MATERIAL PROVIDED:
* * *

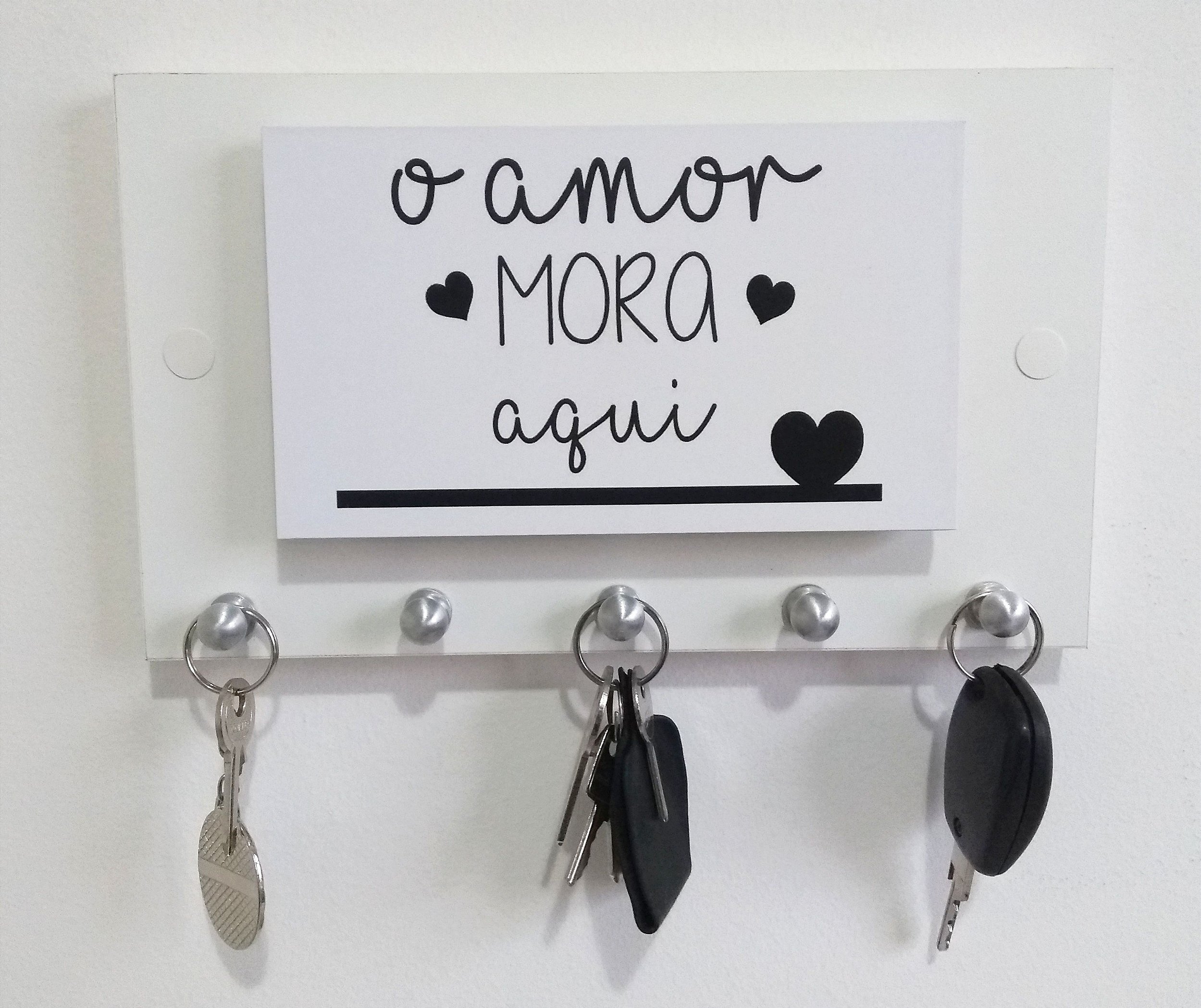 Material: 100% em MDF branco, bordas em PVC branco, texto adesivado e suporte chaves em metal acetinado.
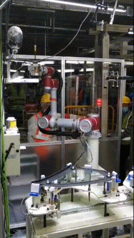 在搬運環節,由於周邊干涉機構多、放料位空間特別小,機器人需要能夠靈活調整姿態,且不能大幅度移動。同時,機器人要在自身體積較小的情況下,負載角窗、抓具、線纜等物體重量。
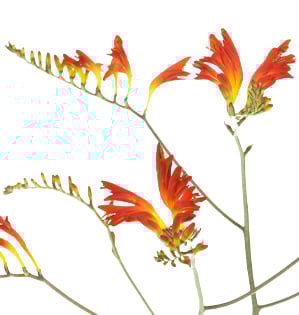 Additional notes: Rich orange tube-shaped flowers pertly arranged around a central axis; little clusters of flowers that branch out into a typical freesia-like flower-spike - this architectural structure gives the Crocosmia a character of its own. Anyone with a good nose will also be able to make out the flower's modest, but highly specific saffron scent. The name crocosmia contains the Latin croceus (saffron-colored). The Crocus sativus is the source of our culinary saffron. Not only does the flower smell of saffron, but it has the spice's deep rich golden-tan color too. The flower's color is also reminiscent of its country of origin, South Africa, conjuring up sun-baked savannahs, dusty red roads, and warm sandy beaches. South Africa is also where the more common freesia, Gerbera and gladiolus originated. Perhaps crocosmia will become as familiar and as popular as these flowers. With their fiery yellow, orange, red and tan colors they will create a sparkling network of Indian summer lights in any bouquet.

* * *

DIRECTIONS:
Give the data again exactly as written, with all pictures left out.

THE COMPLETED TASK:
 Material: 100% em MDF branco, bordas em PVC branco, texto adesivado e suporte chaves em metal acetinado.
 在搬運環節,由於周邊干涉機構多、放料位空間特別小,機器人需要能夠靈活調整姿態,且不能大幅度移動。同時,機器人要在自身體積較小的情況下,負載角窗、抓具、線纜等物體重量。
 Additional notes: Rich orange tube-shaped flowers pertly arranged around a central axis; little clusters of flowers that branch out into a typical freesia-like flower-spike - this architectural structure gives the Crocosmia a character of its own. Anyone with a good nose will also be able to make out the flower's modest, but highly specific saffron scent. The name crocosmia contains the Latin croceus (saffron-colored). The Crocus sativus is the source of our culinary saffron. Not only does the flower smell of saffron, but it has the spice's deep rich golden-tan color too. The flower's color is also reminiscent of its country of origin, South Africa, conjuring up sun-baked savannahs, dusty red roads, and warm sandy beaches. South Africa is also where the more common freesia, Gerbera and gladiolus originated. Perhaps crocosmia will become as familiar and as popular as these flowers. With their fiery yellow, orange, red and tan colors they will create a sparkling network of Indian summer lights in any bouquet.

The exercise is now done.